TASK OBJECTIVE => Your output should be the lines below from the one holding "Крупная кабинетная скульптура, изображающая" through the one holding "I Peperoncini verdi", transcribed exactly, with no pictures.

PROVIDED ENTRIES =>
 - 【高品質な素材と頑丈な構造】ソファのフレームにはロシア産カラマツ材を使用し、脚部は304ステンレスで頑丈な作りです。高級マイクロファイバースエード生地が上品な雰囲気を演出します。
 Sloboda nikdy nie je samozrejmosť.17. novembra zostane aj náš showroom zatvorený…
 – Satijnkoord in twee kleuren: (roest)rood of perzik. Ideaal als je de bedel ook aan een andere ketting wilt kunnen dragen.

--

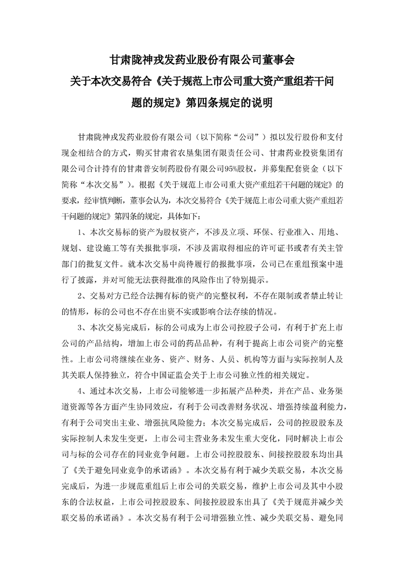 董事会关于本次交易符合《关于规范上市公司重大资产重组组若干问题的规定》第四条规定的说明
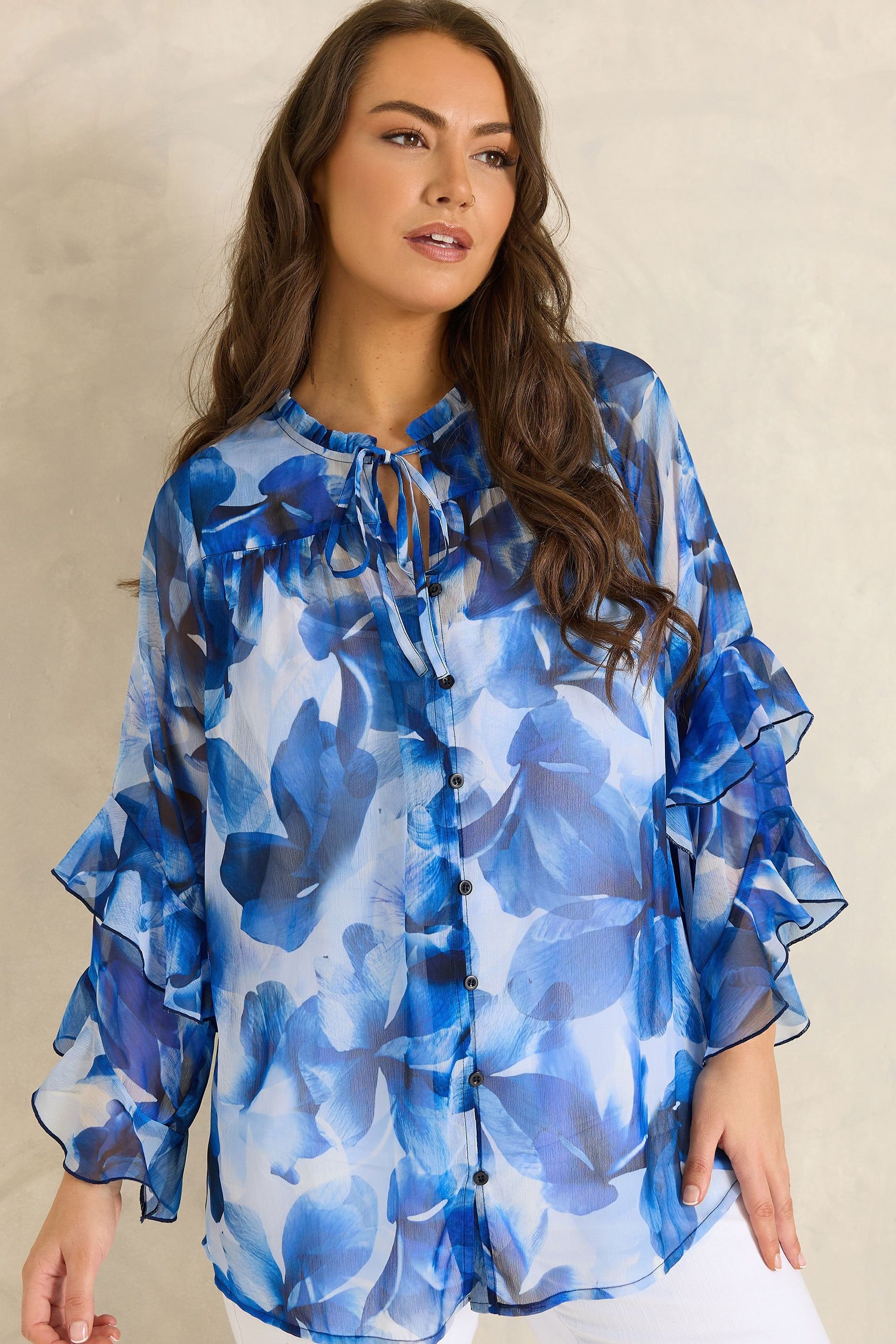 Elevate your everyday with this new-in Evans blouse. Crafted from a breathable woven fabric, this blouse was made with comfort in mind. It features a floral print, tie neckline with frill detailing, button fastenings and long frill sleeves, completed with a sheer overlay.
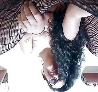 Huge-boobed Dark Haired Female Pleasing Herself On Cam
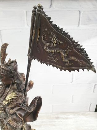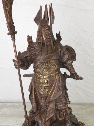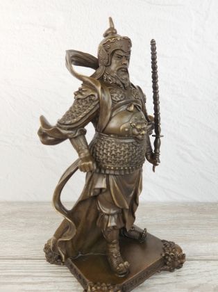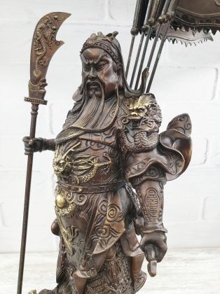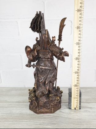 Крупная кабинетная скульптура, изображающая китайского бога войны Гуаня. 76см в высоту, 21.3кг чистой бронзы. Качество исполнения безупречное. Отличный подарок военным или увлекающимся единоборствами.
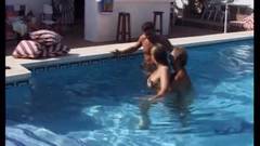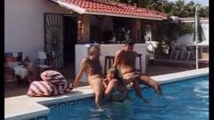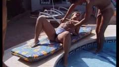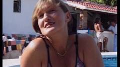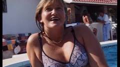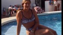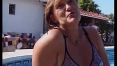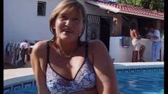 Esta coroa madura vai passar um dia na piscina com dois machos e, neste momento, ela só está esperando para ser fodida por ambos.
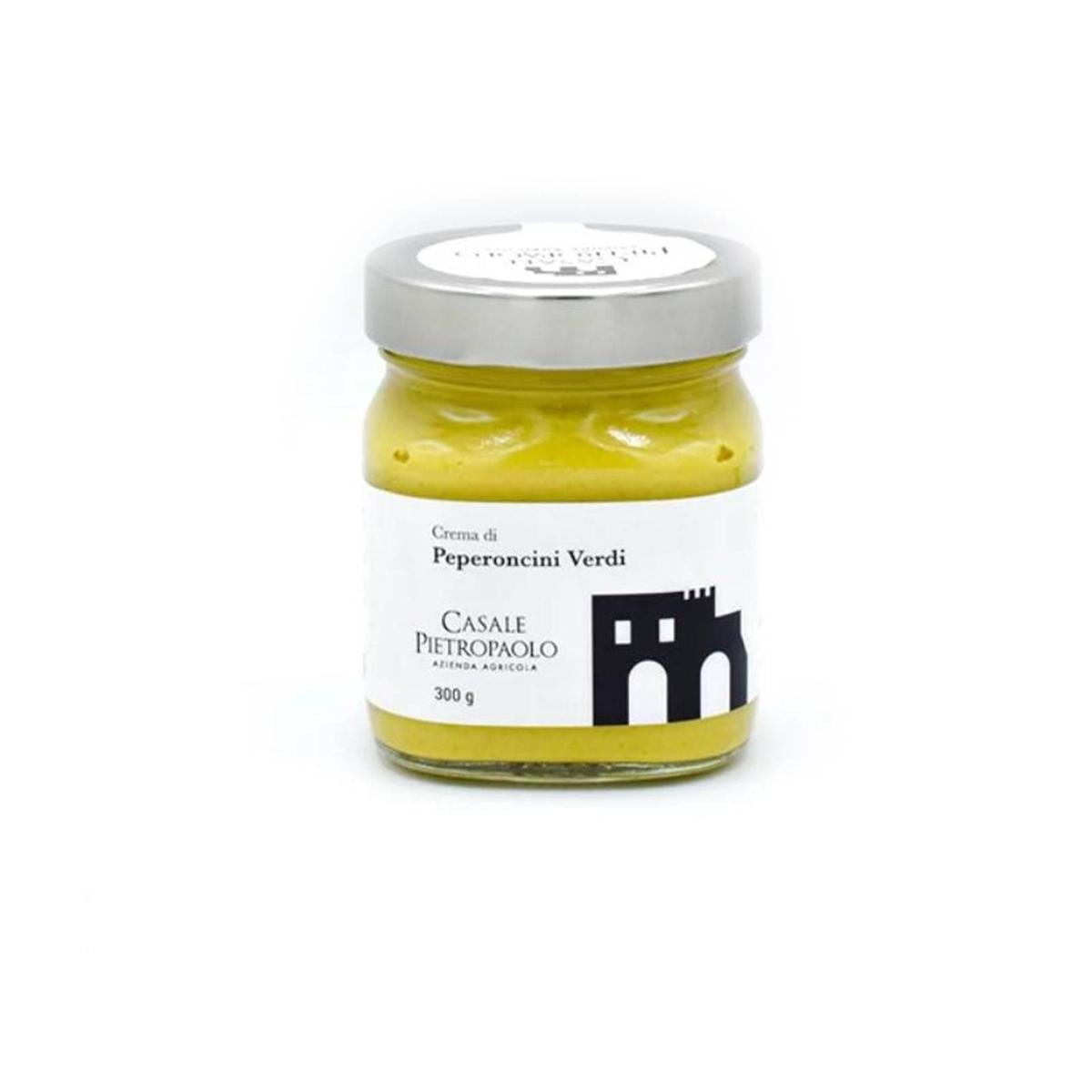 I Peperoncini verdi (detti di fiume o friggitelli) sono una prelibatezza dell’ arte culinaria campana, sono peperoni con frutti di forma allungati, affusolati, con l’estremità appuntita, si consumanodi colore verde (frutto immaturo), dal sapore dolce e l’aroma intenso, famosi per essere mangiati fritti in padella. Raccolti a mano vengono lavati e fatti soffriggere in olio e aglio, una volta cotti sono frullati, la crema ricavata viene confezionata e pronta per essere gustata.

YOUR RESPONSE =>
 Крупная кабинетная скульптура, изображающая китайского бога войны Гуаня. 76см в высоту, 21.3кг чистой бронзы. Качество исполнения безупречное. Отличный подарок военным или увлекающимся единоборствами.
 Esta coroa madura vai passar um dia na piscina com dois machos e, neste momento, ela só está esperando para ser fodida por ambos.
 I Peperoncini verdi (detti di fiume o friggitelli) sono una prelibatezza dell’ arte culinaria campana, sono peperoni con frutti di forma allungati, affusolati, con l’estremità appuntita, si consumanodi colore verde (frutto immaturo), dal sapore dolce e l’aroma intenso, famosi per essere mangiati fritti in padella. Raccolti a mano vengono lavati e fatti soffriggere in olio e aglio, una volta cotti sono frullati, la crema ricavata viene confezionata e pronta per essere gustata.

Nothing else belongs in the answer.